(Beginning of Exercise inputs)

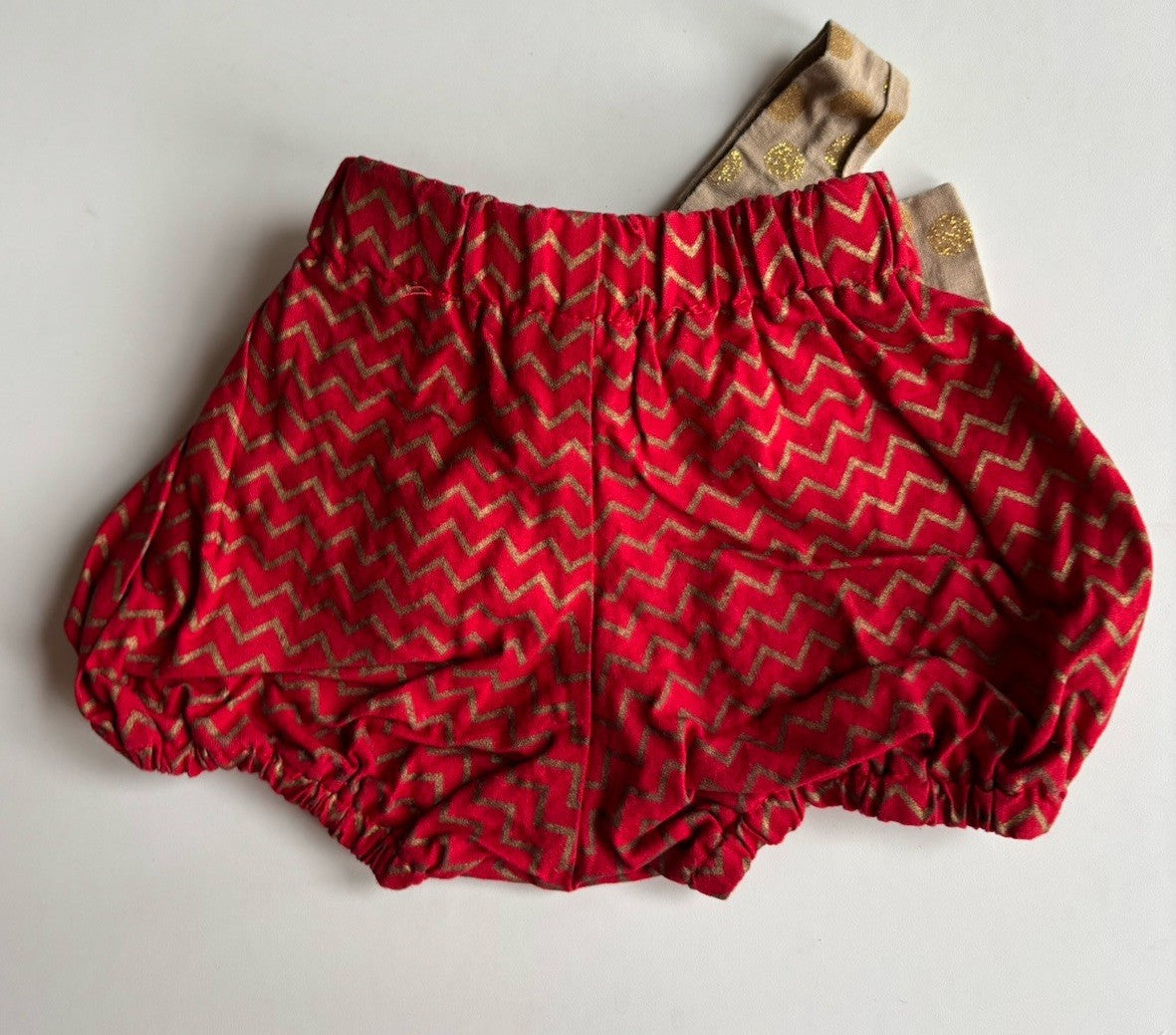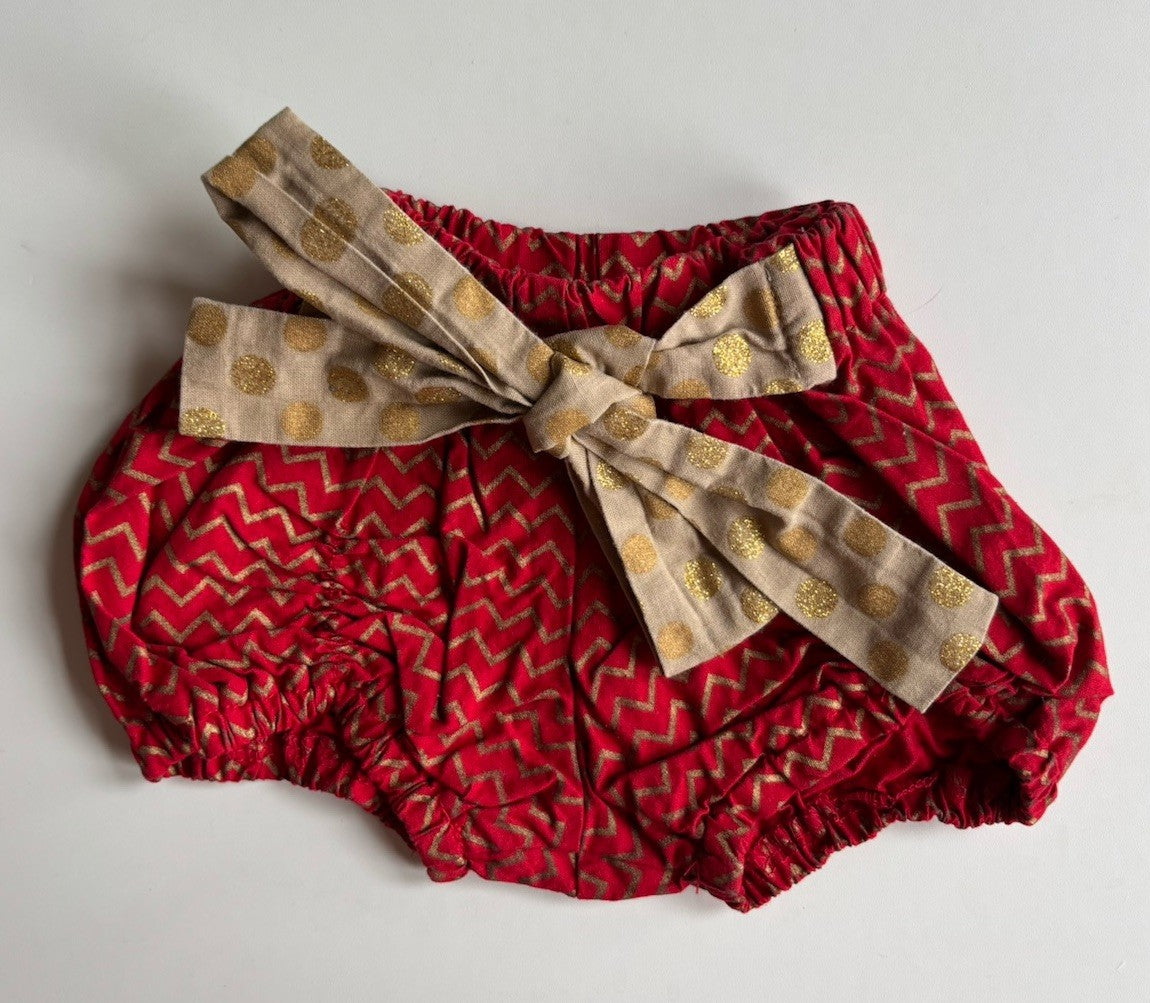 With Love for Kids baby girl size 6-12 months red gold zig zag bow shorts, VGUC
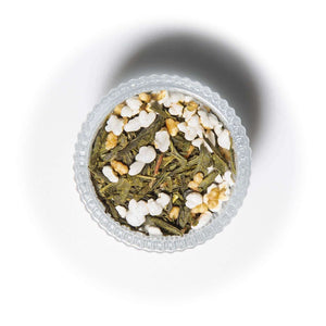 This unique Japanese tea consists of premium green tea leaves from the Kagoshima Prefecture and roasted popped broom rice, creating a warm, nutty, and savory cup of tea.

(End of Exercise inputs)
(Beginning of Exercise inputs)

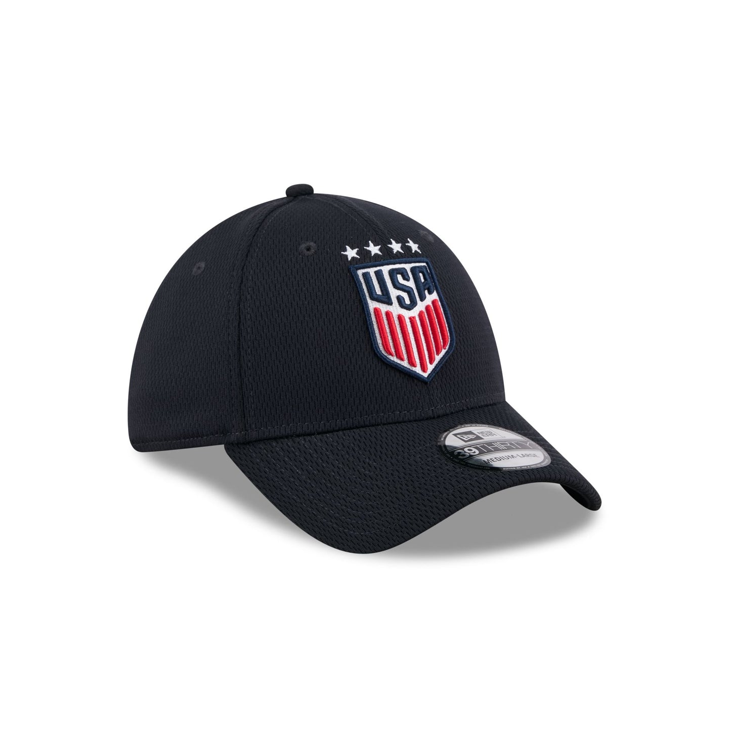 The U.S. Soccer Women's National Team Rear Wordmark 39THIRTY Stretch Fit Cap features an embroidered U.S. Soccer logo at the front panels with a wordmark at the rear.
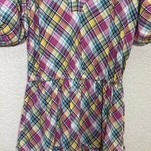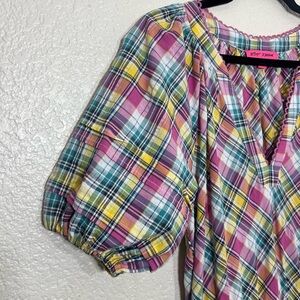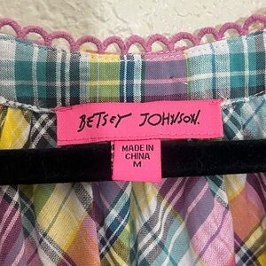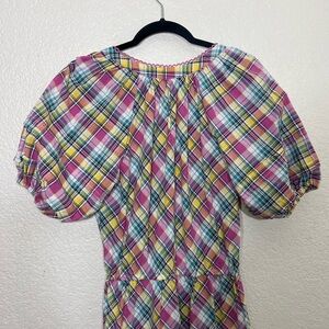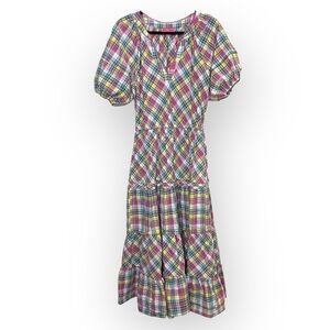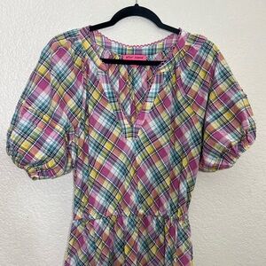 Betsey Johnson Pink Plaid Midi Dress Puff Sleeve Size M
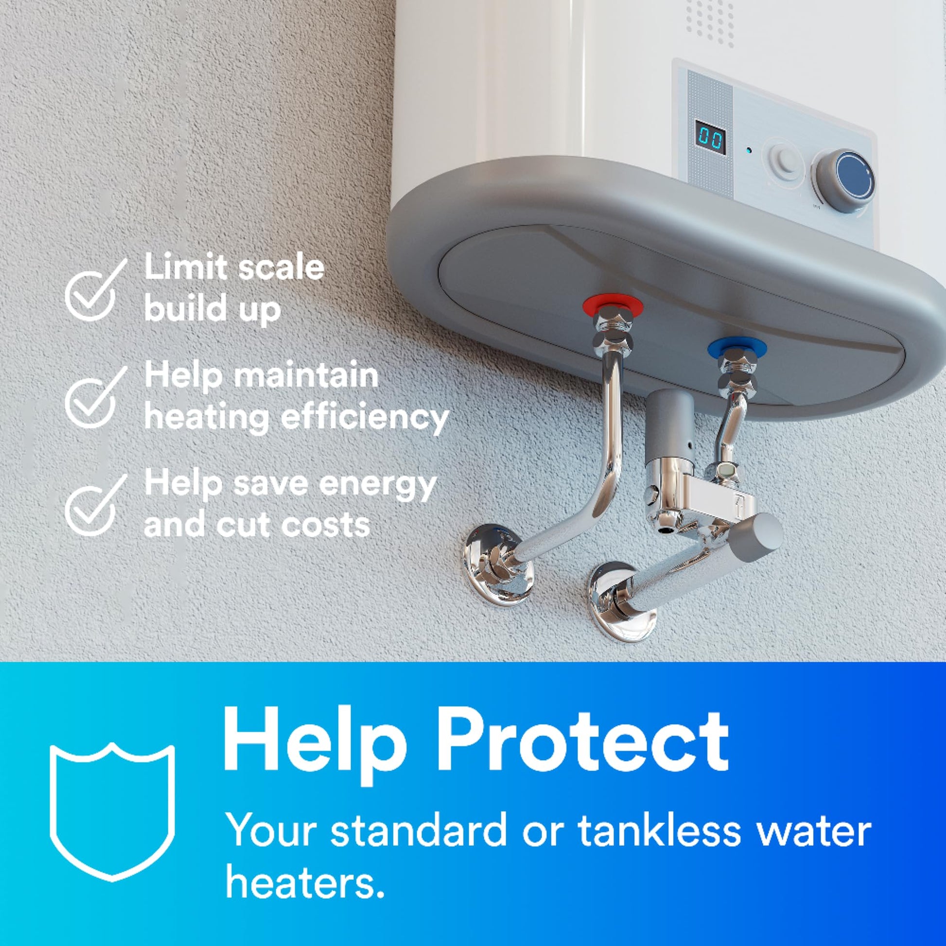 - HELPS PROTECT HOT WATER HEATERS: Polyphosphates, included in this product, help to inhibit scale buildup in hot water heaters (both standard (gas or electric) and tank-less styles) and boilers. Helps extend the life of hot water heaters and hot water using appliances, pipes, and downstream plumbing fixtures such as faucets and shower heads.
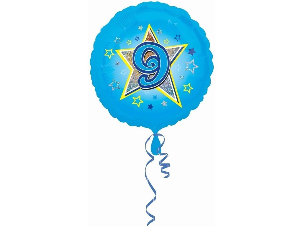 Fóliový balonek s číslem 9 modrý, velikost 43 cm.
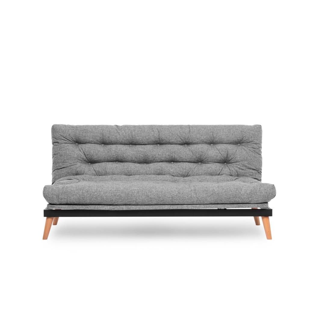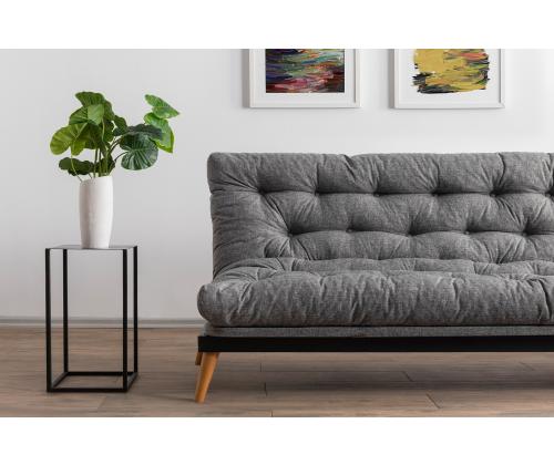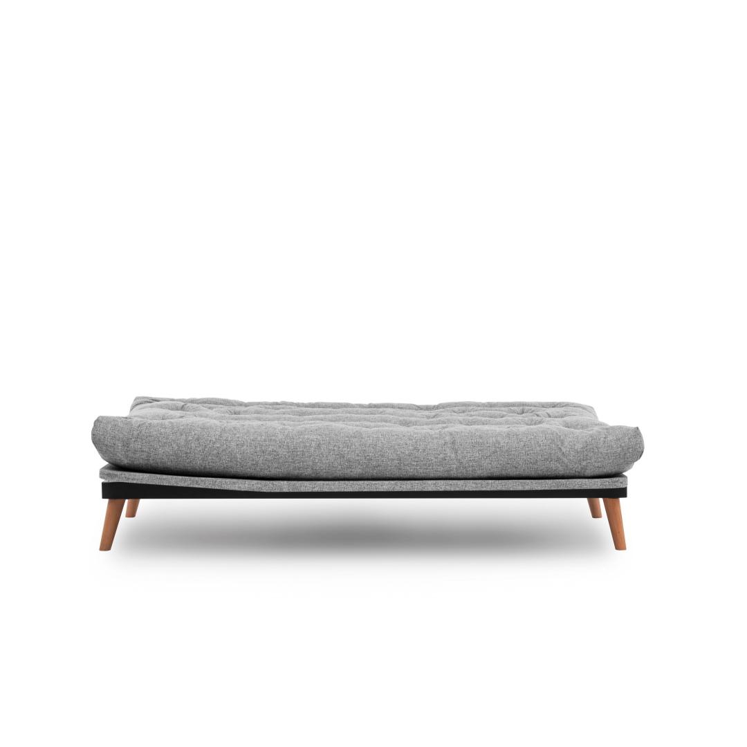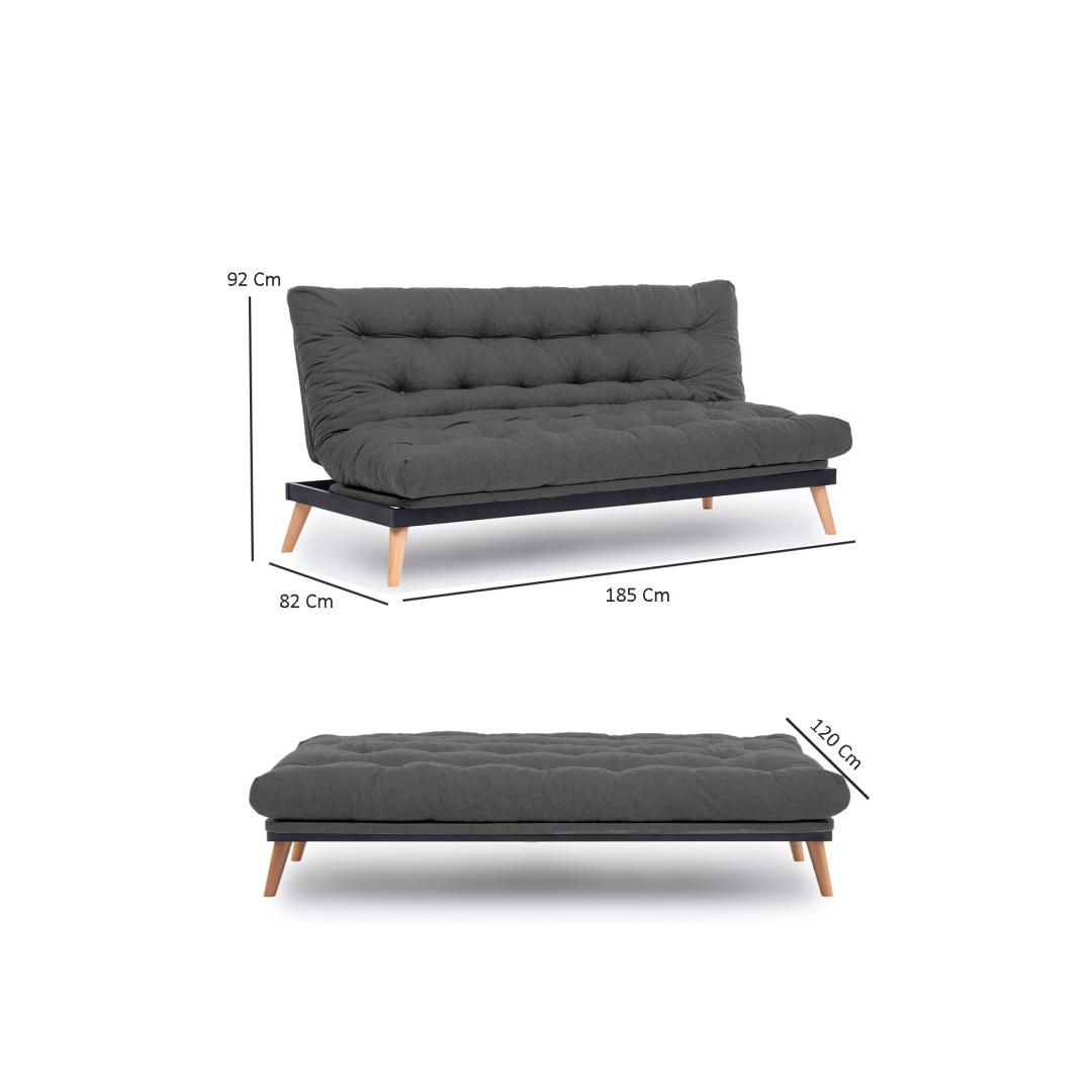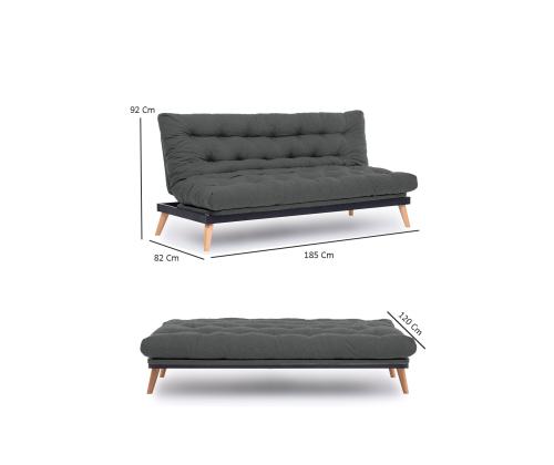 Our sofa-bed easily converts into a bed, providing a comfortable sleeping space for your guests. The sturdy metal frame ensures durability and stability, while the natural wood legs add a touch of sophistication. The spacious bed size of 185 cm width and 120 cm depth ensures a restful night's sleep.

(End of Exercise inputs)

What you need to do —
Working from the entries above, please transcribe only the lines from the line with "Fóliový balonek s" through the line with "Our sofa-bed easily", exactly, with both end lines and without pictures.

Written solution —
 Fóliový balonek s číslem 9 modrý, velikost 43 cm.
 Our sofa-bed easily converts into a bed, providing a comfortable sleeping space for your guests. The sturdy metal frame ensures durability and stability, while the natural wood legs add a touch of sophistication. The spacious bed size of 185 cm width and 120 cm depth ensures a restful night's sleep.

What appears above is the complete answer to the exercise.